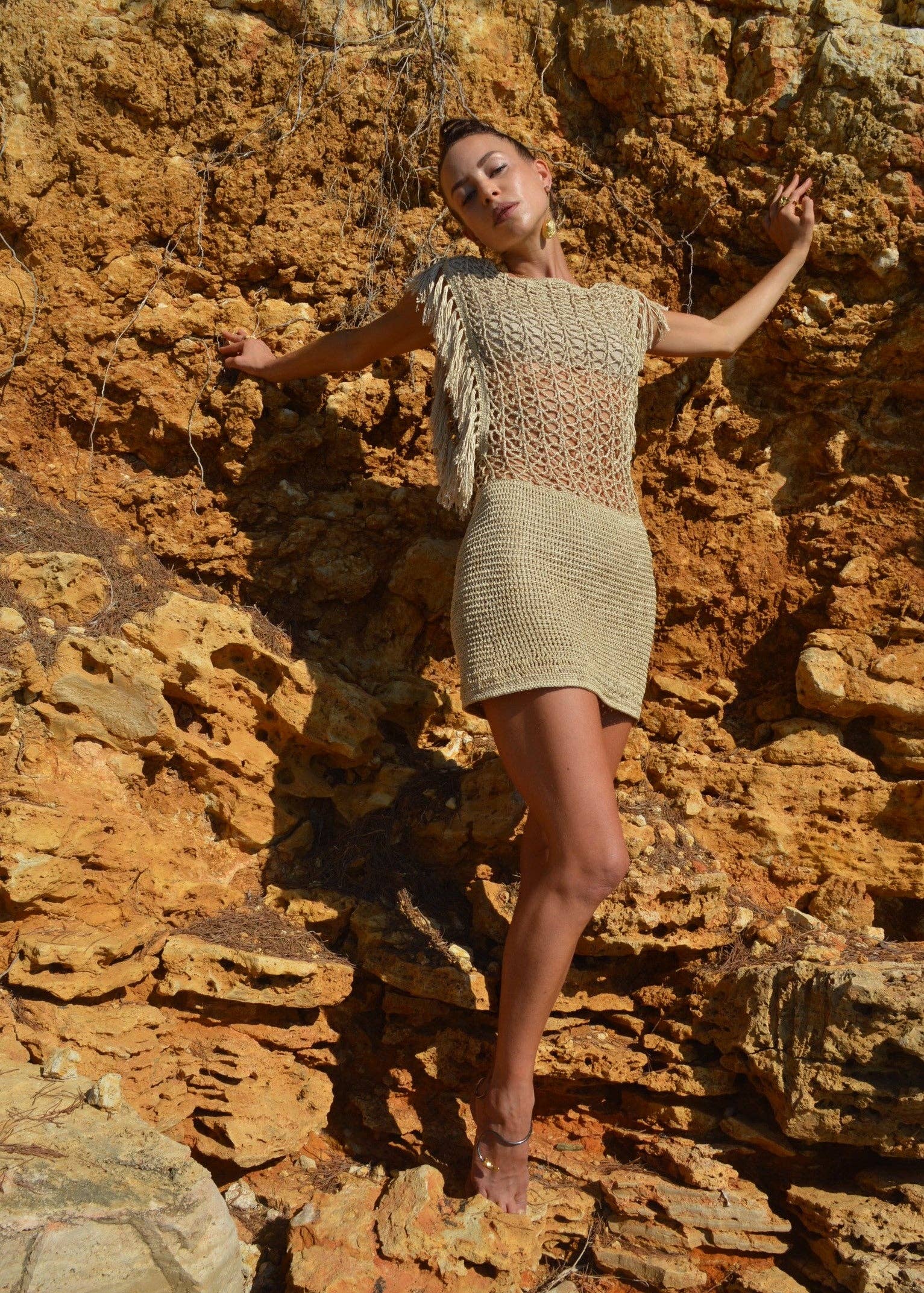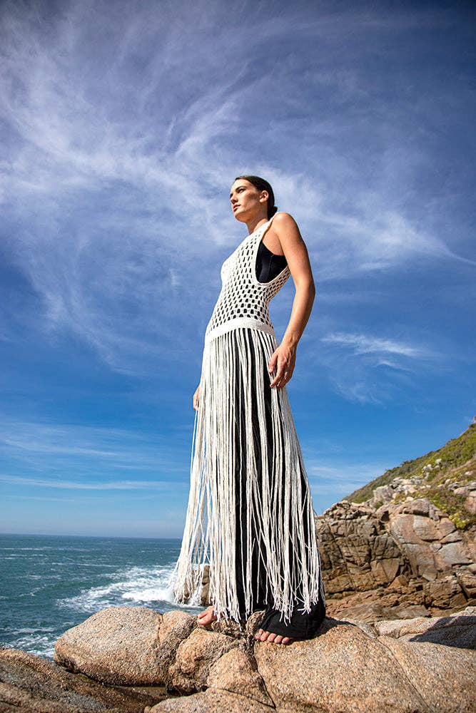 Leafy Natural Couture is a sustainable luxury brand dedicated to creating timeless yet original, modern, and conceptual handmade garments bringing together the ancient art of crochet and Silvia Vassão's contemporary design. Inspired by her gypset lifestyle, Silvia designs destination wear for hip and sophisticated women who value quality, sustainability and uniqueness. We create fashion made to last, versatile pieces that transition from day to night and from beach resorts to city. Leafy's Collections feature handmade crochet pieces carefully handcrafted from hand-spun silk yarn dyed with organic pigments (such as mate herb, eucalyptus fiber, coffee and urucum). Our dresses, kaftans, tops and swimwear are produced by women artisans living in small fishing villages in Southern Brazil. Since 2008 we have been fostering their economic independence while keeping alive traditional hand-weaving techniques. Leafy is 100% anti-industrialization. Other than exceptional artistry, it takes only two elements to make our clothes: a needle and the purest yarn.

* * *

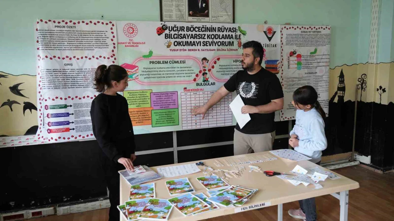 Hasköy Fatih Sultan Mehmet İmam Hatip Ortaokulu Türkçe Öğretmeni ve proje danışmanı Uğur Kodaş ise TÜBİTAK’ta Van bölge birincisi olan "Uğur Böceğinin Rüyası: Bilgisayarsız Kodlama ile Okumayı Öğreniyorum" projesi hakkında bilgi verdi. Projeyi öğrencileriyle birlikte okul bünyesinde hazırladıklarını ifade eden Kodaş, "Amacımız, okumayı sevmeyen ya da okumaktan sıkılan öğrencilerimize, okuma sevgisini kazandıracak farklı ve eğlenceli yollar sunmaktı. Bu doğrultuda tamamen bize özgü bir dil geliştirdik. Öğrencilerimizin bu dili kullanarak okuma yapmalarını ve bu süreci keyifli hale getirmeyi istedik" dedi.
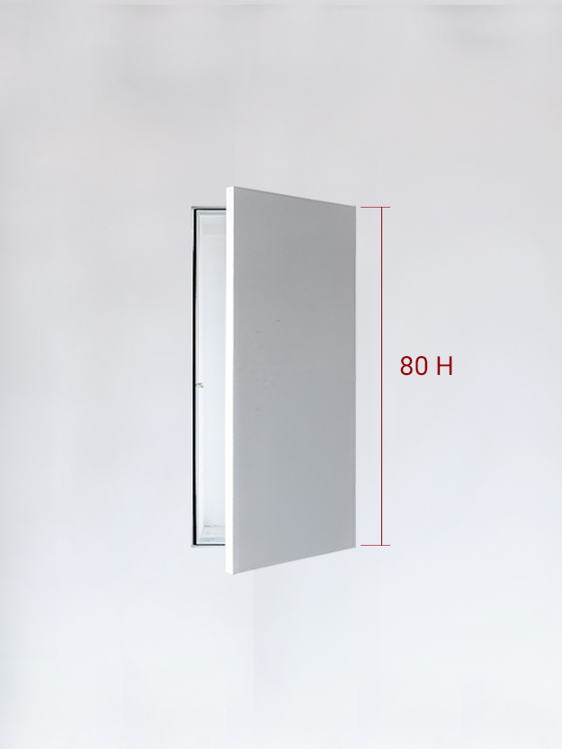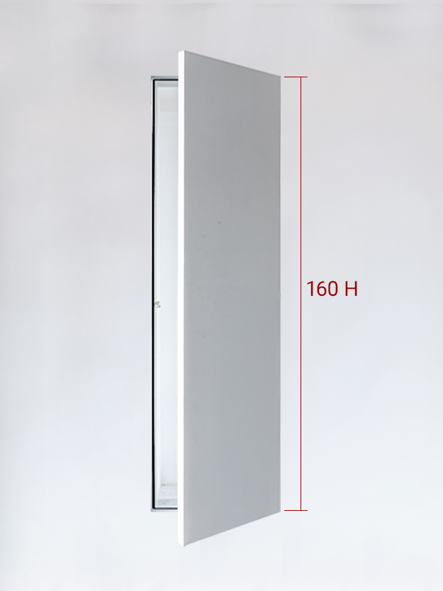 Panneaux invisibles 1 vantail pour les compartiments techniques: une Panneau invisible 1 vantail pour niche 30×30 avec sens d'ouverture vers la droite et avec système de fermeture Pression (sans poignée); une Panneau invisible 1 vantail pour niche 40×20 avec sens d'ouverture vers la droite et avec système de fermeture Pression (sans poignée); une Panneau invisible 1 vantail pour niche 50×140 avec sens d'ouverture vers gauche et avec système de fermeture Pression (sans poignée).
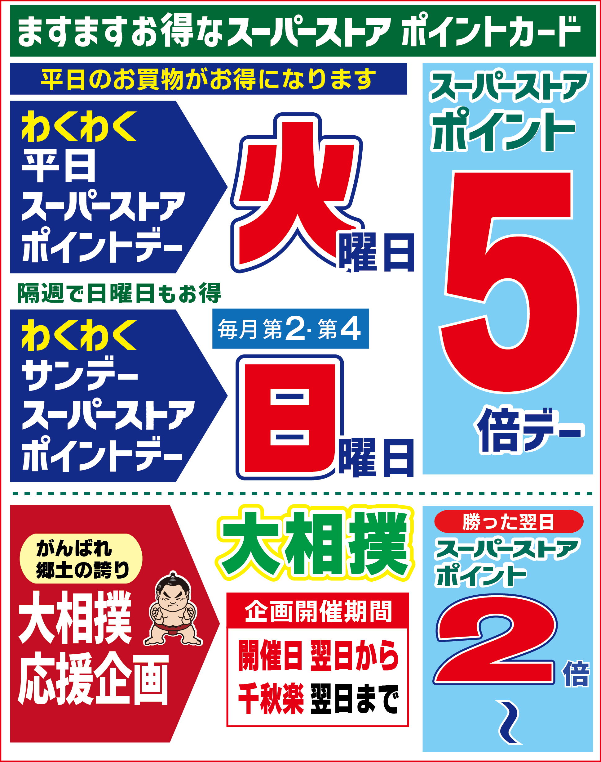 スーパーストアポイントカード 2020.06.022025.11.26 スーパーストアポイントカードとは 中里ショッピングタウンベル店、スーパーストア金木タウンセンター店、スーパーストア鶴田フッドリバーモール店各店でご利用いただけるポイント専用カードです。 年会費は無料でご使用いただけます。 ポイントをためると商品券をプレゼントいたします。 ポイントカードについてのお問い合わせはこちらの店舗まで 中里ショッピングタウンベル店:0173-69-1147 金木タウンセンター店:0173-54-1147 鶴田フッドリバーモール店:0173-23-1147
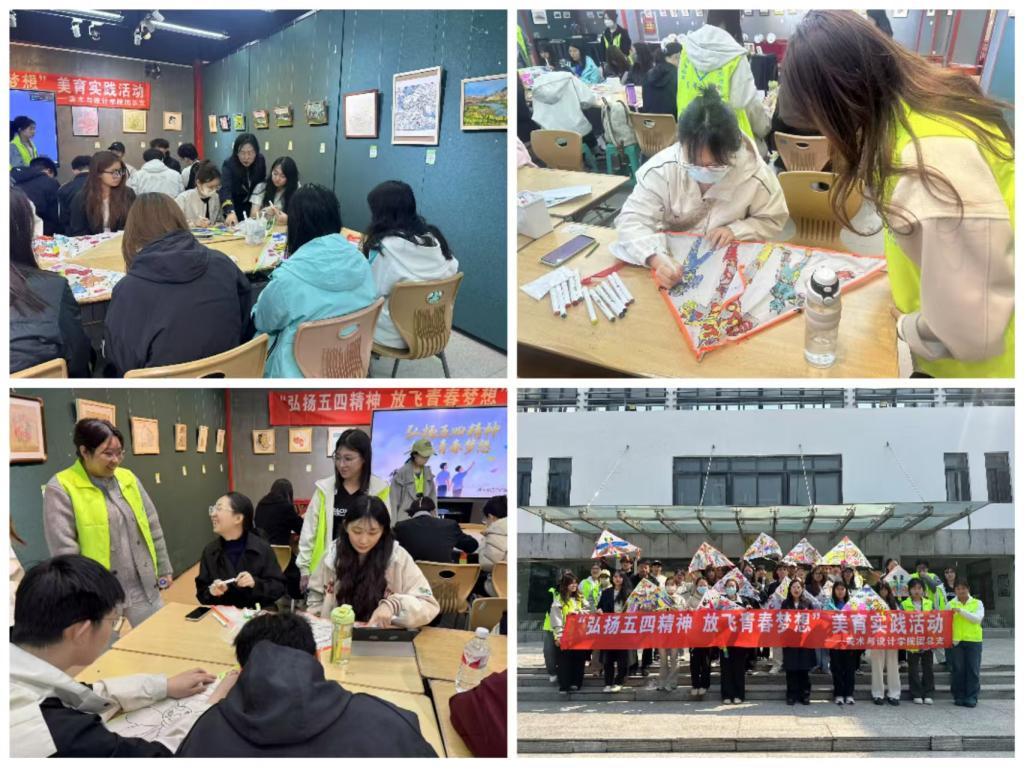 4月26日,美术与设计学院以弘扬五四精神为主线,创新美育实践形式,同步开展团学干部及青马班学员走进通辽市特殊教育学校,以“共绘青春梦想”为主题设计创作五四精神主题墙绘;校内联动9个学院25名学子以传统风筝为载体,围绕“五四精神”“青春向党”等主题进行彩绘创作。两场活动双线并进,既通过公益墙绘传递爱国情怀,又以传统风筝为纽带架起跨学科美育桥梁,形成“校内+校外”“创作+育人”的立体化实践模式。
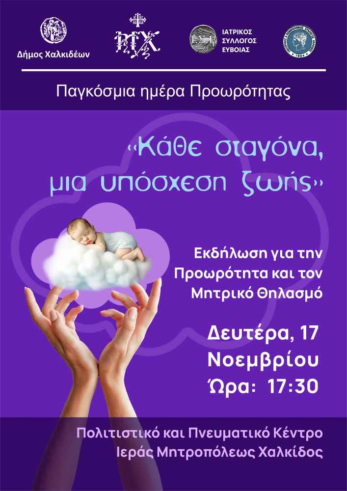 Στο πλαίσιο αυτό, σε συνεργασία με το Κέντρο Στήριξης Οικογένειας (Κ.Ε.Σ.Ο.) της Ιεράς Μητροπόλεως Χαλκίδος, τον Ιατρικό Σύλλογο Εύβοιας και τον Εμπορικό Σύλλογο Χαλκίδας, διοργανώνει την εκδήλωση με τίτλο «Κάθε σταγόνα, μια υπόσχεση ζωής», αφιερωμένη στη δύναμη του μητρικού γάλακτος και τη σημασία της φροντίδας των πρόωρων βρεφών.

...

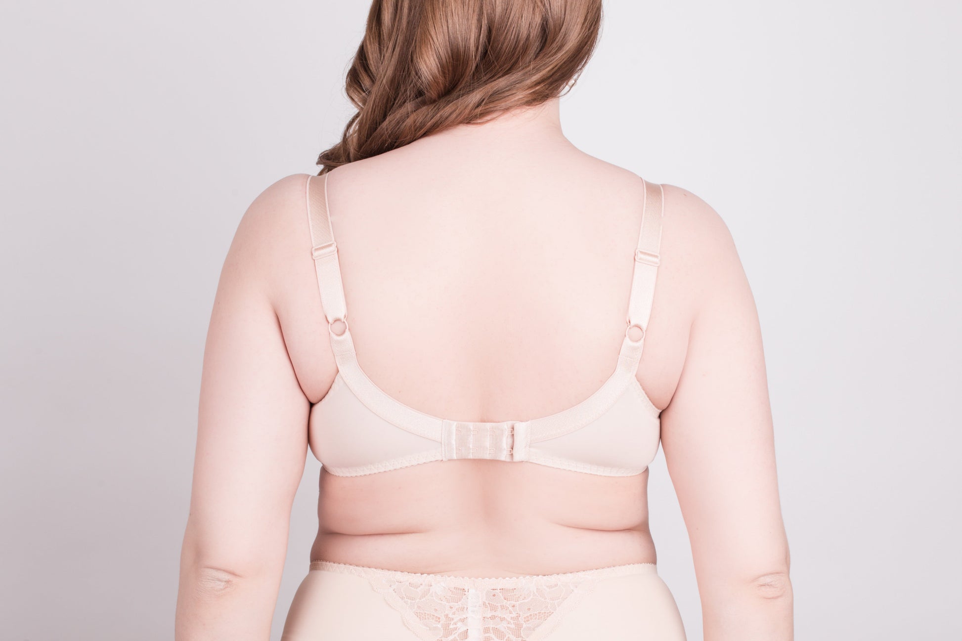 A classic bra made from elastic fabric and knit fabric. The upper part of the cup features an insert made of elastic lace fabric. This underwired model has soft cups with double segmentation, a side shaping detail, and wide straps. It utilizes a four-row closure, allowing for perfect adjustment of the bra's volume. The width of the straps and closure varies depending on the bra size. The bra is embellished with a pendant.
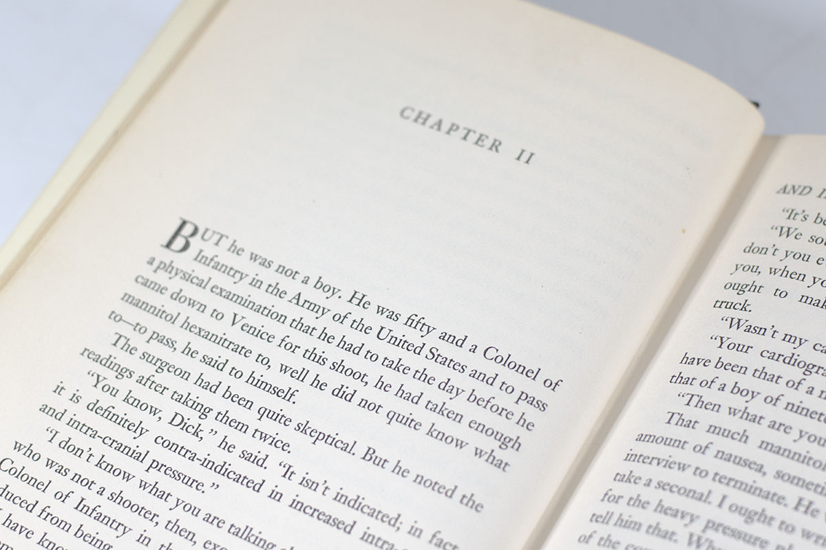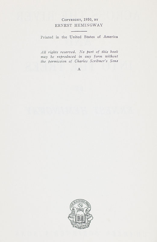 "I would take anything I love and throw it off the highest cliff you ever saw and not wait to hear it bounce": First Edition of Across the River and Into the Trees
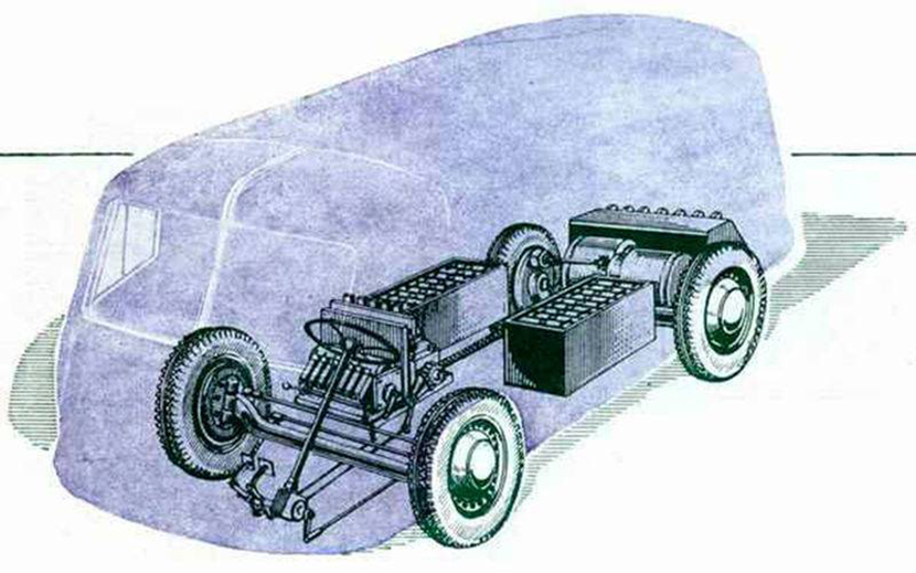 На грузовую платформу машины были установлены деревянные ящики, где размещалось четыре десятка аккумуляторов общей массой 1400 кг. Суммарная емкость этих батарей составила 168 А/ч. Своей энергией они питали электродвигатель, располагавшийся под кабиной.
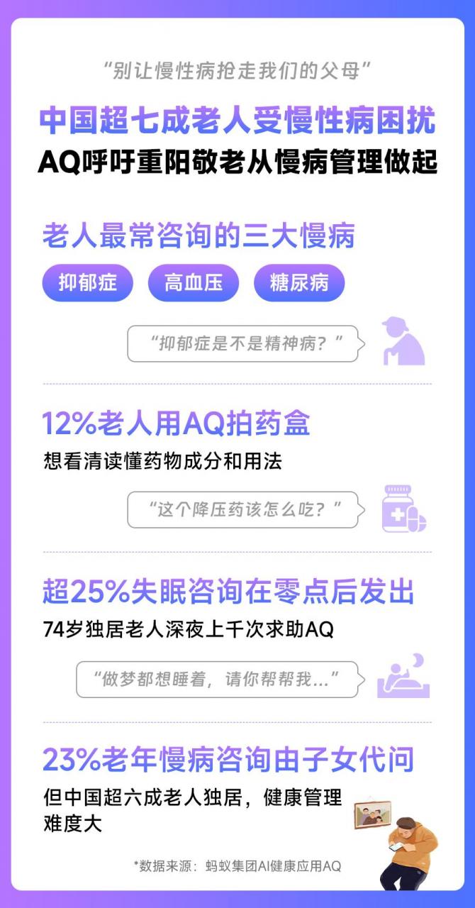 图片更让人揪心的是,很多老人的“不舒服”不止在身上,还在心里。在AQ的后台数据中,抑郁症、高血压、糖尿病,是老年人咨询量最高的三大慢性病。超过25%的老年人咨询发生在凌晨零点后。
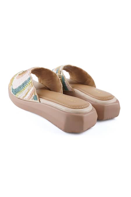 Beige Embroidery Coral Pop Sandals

# What to produce
Using the material above, transcribe exactly the lines from the one holding "Into the Trees" to the one holding "Beige Embroidery Coral Pop Sandals", both ends kept. Do not carry over any pictures.

# Solution below
 "I would take anything I love and throw it off the highest cliff you ever saw and not wait to hear it bounce": First Edition of Across the River and Into the Trees
 На грузовую платформу машины были установлены деревянные ящики, где размещалось четыре десятка аккумуляторов общей массой 1400 кг. Суммарная емкость этих батарей составила 168 А/ч. Своей энергией они питали электродвигатель, располагавшийся под кабиной.
 图片更让人揪心的是,很多老人的“不舒服”不止在身上,还在心里。在AQ的后台数据中,抑郁症、高血压、糖尿病,是老年人咨询量最高的三大慢性病。超过25%的老年人咨询发生在凌晨零点后。
 Beige Embroidery Coral Pop Sandals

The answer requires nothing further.